• [WHAT TO DO]
Write out exactly every line from the one containing "Progress has been" through the final line of the material below, both included. Pictures are to be skipped.

• [RECORDS PROVIDED]
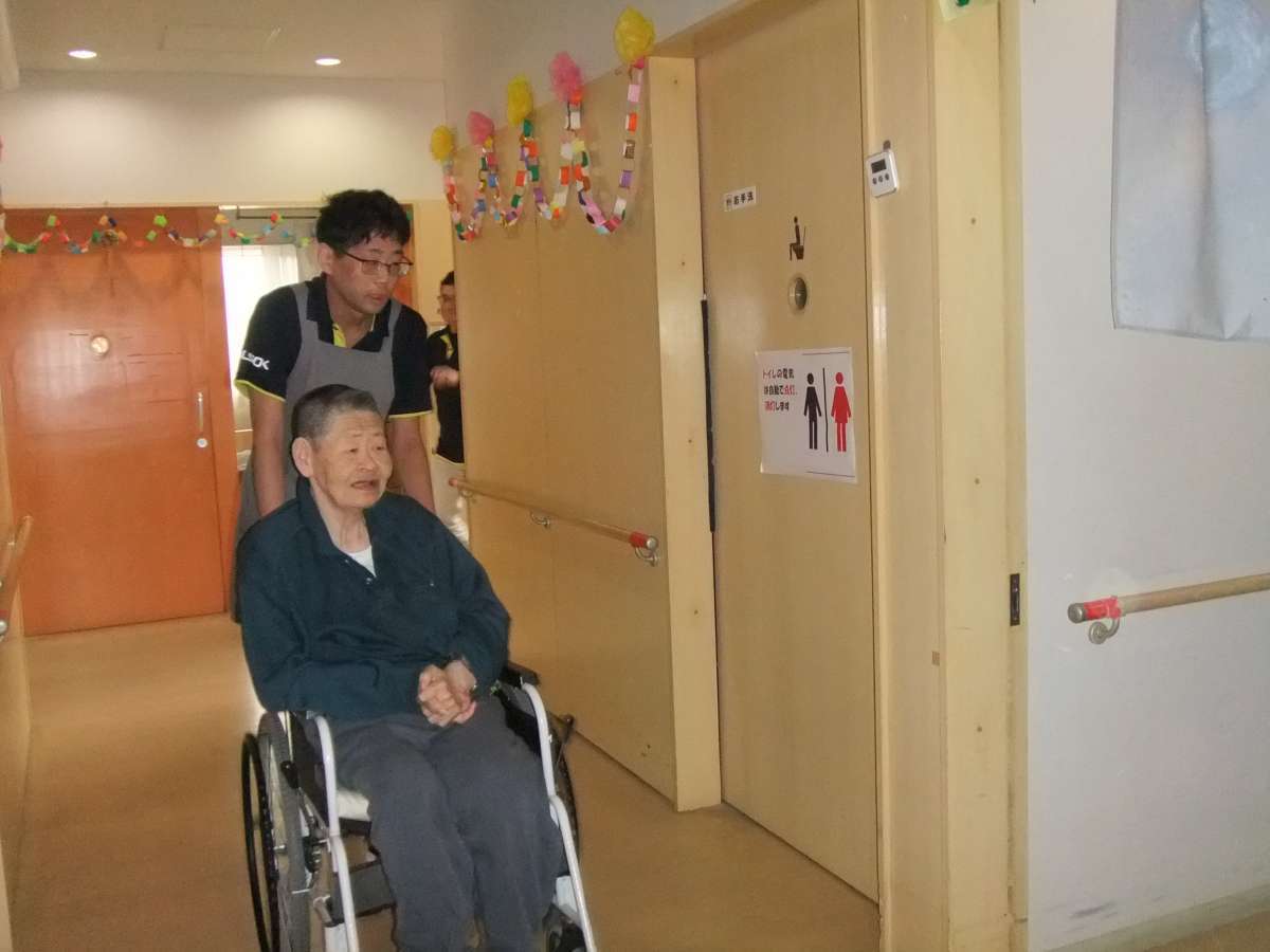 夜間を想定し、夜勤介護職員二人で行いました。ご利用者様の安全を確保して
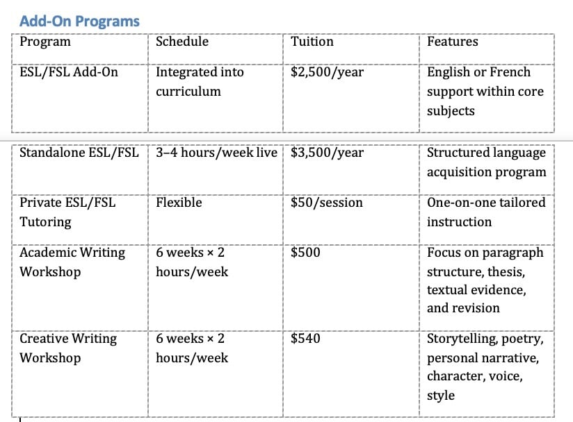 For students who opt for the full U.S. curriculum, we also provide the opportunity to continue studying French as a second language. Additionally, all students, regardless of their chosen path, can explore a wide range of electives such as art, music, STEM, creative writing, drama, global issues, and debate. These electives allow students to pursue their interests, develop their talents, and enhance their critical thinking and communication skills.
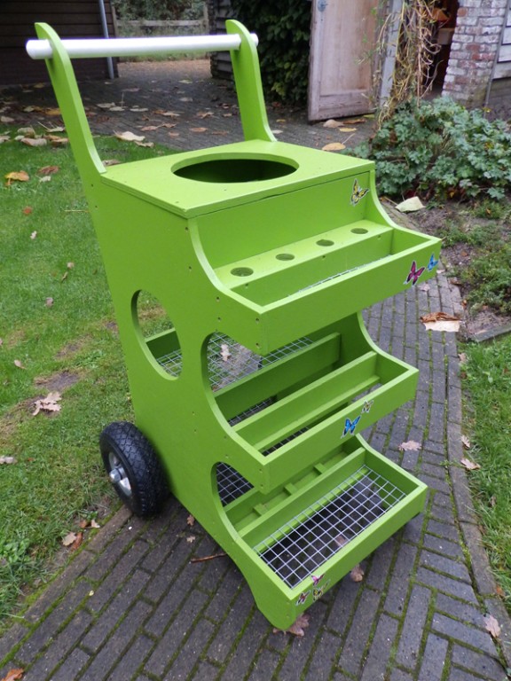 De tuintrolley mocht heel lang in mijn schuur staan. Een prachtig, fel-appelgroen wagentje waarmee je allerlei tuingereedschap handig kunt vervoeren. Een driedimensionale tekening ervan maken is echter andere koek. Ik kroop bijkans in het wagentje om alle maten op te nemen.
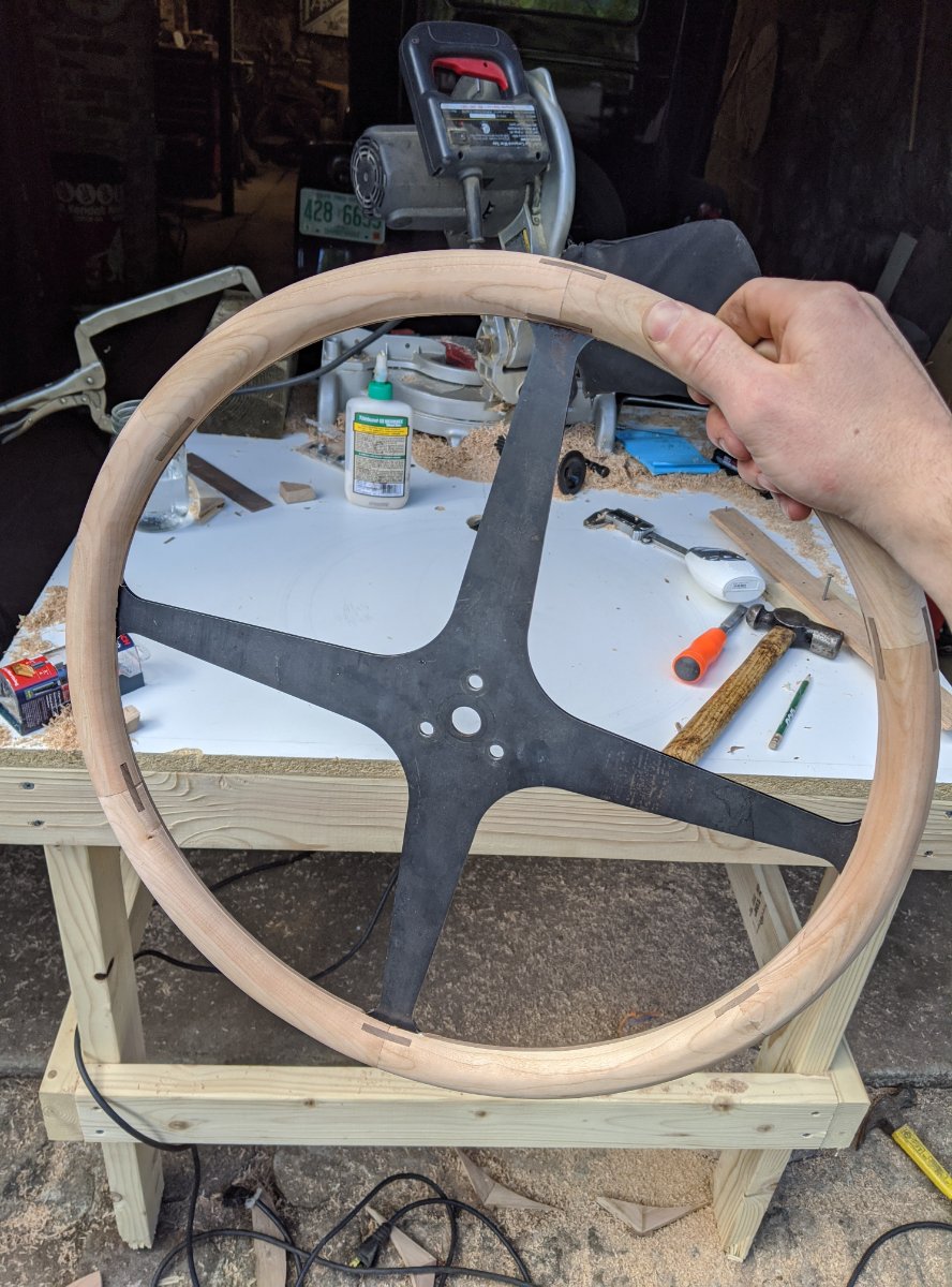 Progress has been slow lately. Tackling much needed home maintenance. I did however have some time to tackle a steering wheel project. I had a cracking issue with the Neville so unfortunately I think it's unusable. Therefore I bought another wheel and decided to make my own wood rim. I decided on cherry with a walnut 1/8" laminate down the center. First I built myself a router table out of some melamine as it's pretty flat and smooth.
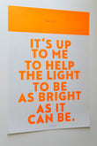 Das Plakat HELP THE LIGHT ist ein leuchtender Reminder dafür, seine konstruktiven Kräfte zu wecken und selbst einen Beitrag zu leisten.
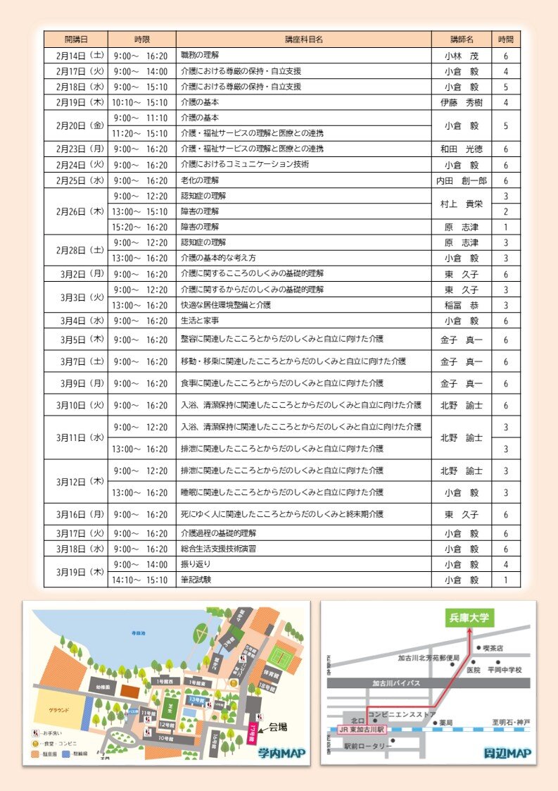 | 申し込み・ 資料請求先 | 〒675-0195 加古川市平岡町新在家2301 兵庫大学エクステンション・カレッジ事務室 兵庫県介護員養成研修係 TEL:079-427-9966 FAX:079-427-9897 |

• [RESULT FOR THIS TASK]
 Progress has been slow lately. Tackling much needed home maintenance. I did however have some time to tackle a steering wheel project. I had a cracking issue with the Neville so unfortunately I think it's unusable. Therefore I bought another wheel and decided to make my own wood rim. I decided on cherry with a walnut 1/8" laminate down the center. First I built myself a router table out of some melamine as it's pretty flat and smooth.
 Das Plakat HELP THE LIGHT ist ein leuchtender Reminder dafür, seine konstruktiven Kräfte zu wecken und selbst einen Beitrag zu leisten.
 | 申し込み・ 資料請求先 | 〒675-0195 加古川市平岡町新在家2301 兵庫大学エクステンション・カレッジ事務室 兵庫県介護員養成研修係 TEL:079-427-9966 FAX:079-427-9897 |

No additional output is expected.